[Exercise brief] Transcribe each entry in full, and leave the images out.

[Data for the task]

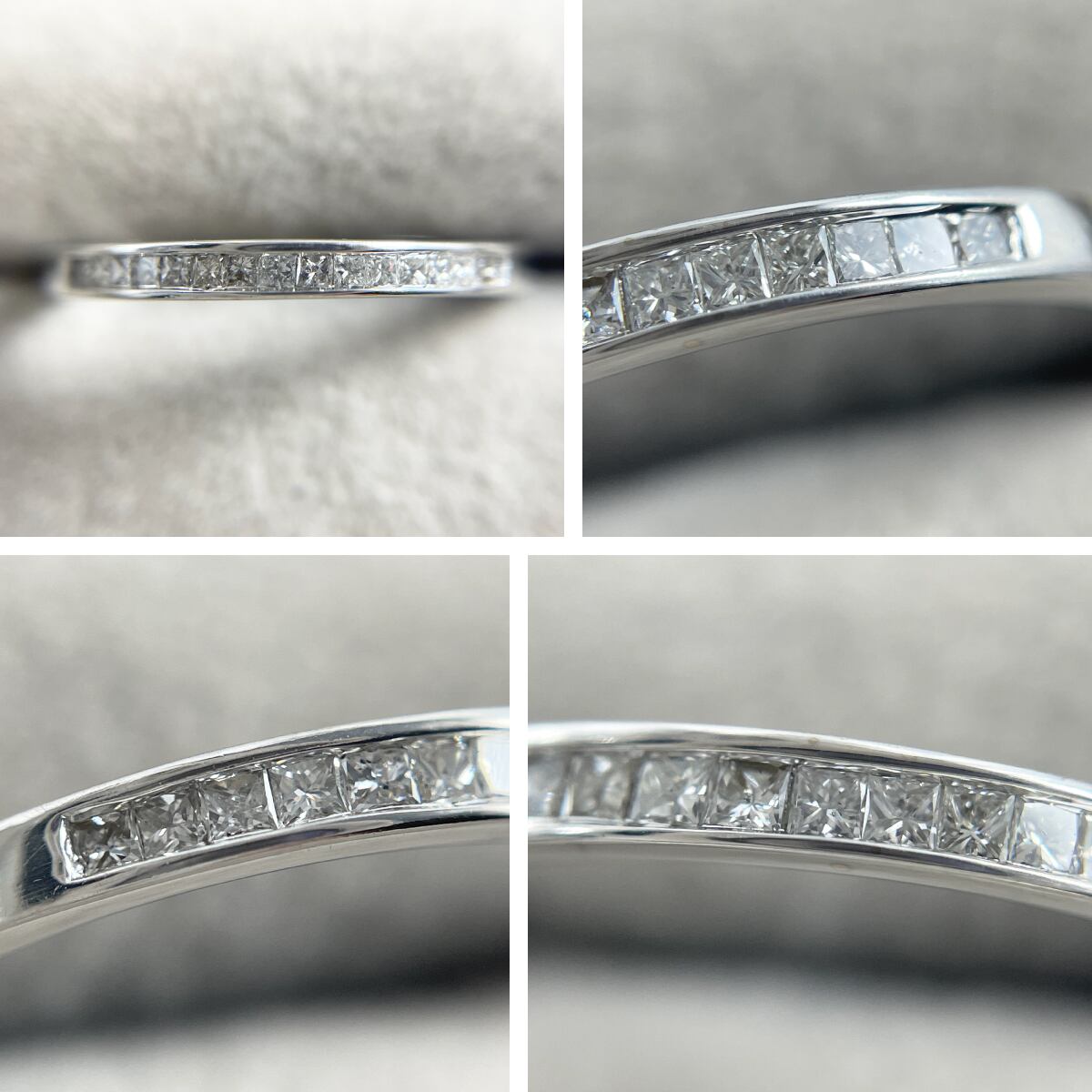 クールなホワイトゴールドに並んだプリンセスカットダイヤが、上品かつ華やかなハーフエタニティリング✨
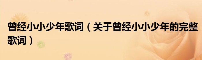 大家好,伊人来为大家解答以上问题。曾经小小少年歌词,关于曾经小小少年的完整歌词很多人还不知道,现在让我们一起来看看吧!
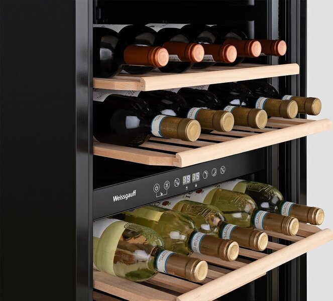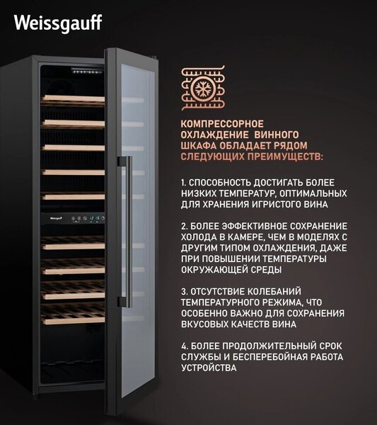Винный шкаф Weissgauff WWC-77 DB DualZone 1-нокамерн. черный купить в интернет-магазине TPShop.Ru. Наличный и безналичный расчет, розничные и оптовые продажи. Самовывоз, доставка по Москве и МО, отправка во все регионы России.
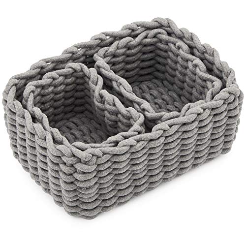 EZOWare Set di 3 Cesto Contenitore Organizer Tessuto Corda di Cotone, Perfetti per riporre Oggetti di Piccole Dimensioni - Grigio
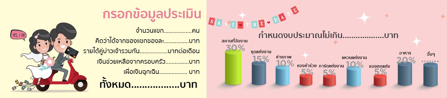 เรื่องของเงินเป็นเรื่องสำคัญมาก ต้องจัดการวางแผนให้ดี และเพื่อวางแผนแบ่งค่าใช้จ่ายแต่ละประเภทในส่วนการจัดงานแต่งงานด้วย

[Task response]
 クールなホワイトゴールドに並んだプリンセスカットダイヤが、上品かつ華やかなハーフエタニティリング✨
 大家好,伊人来为大家解答以上问题。曾经小小少年歌词,关于曾经小小少年的完整歌词很多人还不知道,现在让我们一起来看看吧!
Винный шкаф Weissgauff WWC-77 DB DualZone 1-нокамерн. черный купить в интернет-магазине TPShop.Ru. Наличный и безналичный расчет, розничные и оптовые продажи. Самовывоз, доставка по Москве и МО, отправка во все регионы России.
 EZOWare Set di 3 Cesto Contenitore Organizer Tessuto Corda di Cotone, Perfetti per riporre Oggetti di Piccole Dimensioni - Grigio
 เรื่องของเงินเป็นเรื่องสำคัญมาก ต้องจัดการวางแผนให้ดี และเพื่อวางแผนแบ่งค่าใช้จ่ายแต่ละประเภทในส่วนการจัดงานแต่งงานด้วย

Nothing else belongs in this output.